WORK REQUEST: Nothing in the listing should be altered when it is copied, and no picture goes into the copy.

(DATA EXTRACT begins)

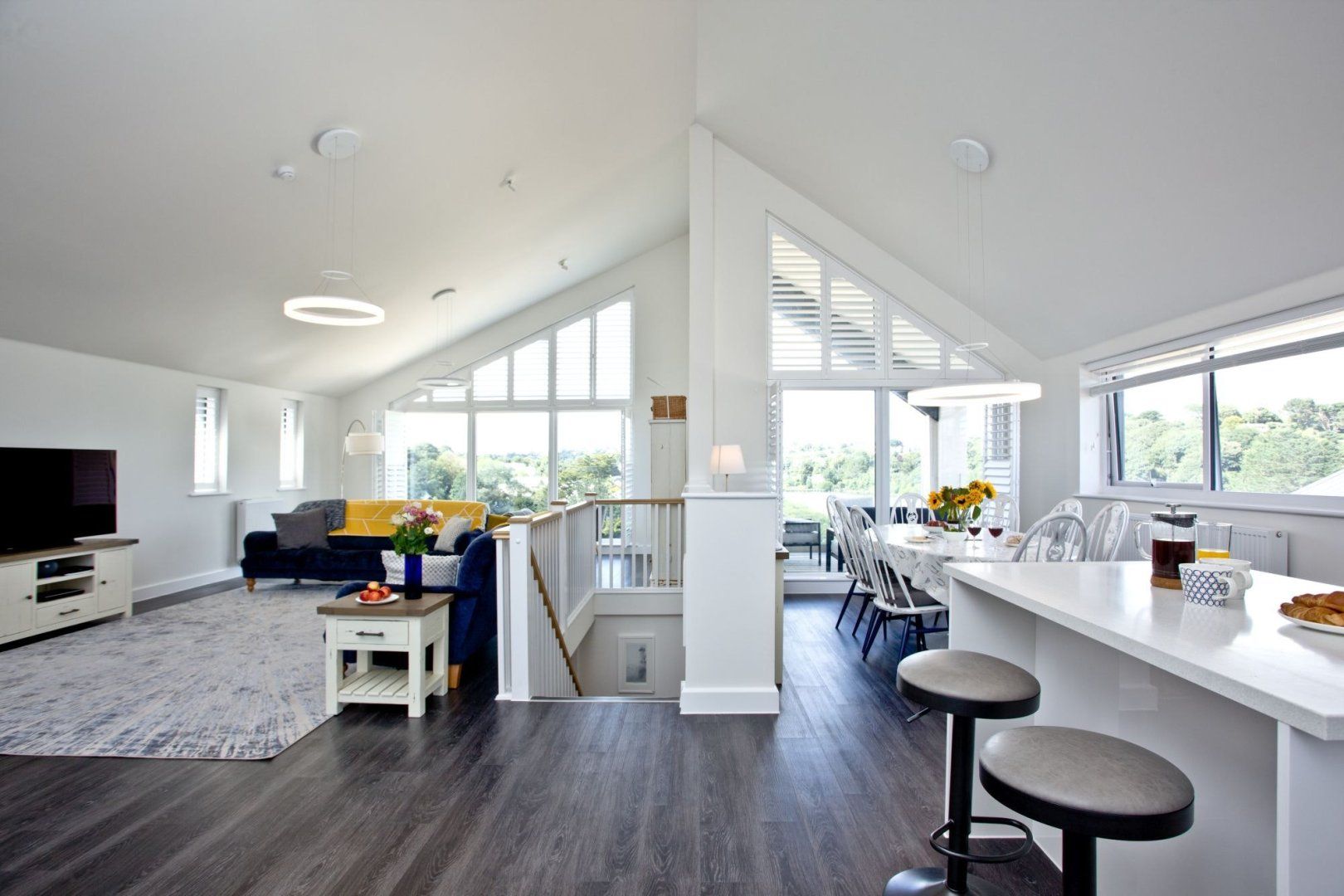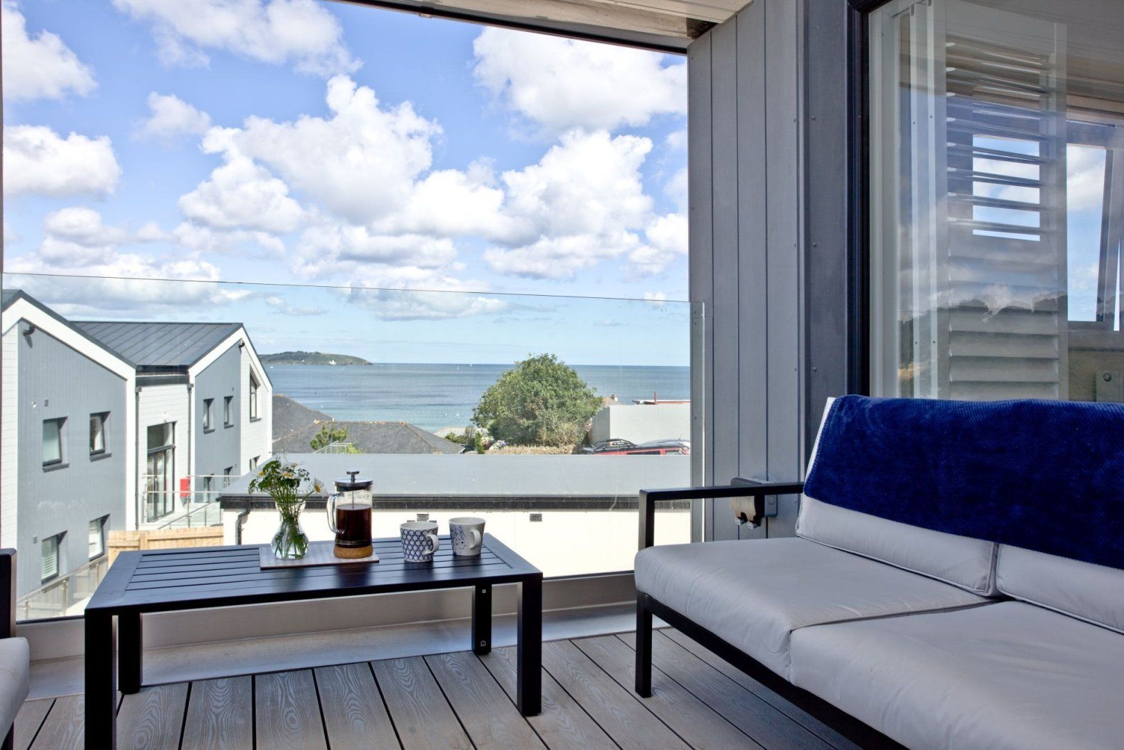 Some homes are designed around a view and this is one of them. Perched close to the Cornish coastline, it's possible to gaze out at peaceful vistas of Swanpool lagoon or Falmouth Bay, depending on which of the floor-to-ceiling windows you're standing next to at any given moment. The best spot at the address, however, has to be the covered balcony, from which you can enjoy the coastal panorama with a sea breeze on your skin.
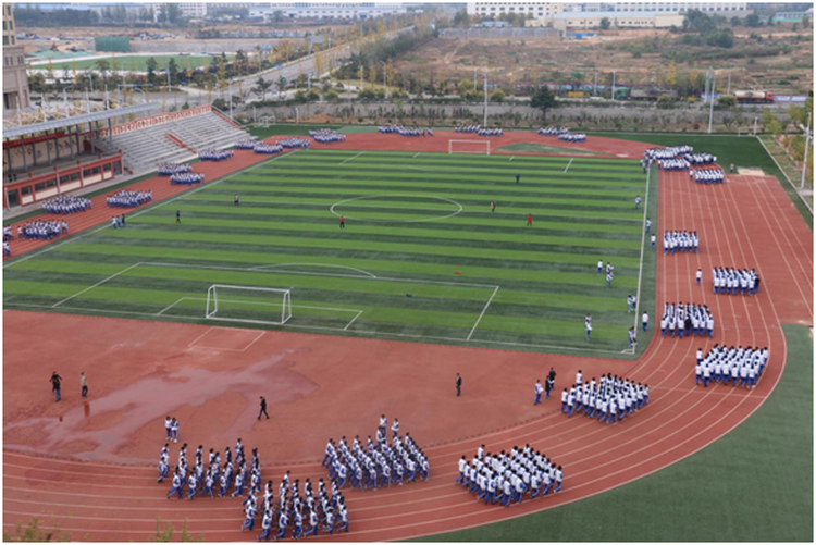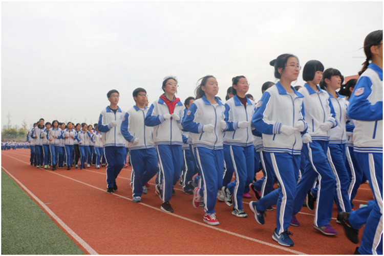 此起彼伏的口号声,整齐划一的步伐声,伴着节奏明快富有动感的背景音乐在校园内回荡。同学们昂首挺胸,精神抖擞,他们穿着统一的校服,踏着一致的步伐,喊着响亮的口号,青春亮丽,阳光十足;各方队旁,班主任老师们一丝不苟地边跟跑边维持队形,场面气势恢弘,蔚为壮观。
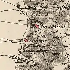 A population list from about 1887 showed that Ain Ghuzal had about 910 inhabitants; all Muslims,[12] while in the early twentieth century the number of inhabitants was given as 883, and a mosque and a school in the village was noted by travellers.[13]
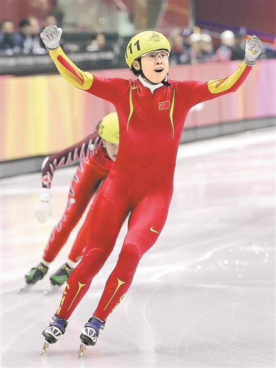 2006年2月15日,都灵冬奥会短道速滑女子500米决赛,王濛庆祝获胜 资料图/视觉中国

(DATA EXTRACT ends)

RESULT:
 Some homes are designed around a view and this is one of them. Perched close to the Cornish coastline, it's possible to gaze out at peaceful vistas of Swanpool lagoon or Falmouth Bay, depending on which of the floor-to-ceiling windows you're standing next to at any given moment. The best spot at the address, however, has to be the covered balcony, from which you can enjoy the coastal panorama with a sea breeze on your skin.
 此起彼伏的口号声,整齐划一的步伐声,伴着节奏明快富有动感的背景音乐在校园内回荡。同学们昂首挺胸,精神抖擞,他们穿着统一的校服,踏着一致的步伐,喊着响亮的口号,青春亮丽,阳光十足;各方队旁,班主任老师们一丝不苟地边跟跑边维持队形,场面气势恢弘,蔚为壮观。
 A population list from about 1887 showed that Ain Ghuzal had about 910 inhabitants; all Muslims,[12] while in the early twentieth century the number of inhabitants was given as 883, and a mosque and a school in the village was noted by travellers.[13]
 2006年2月15日,都灵冬奥会短道速滑女子500米决赛,王濛庆祝获胜 资料图/视觉中国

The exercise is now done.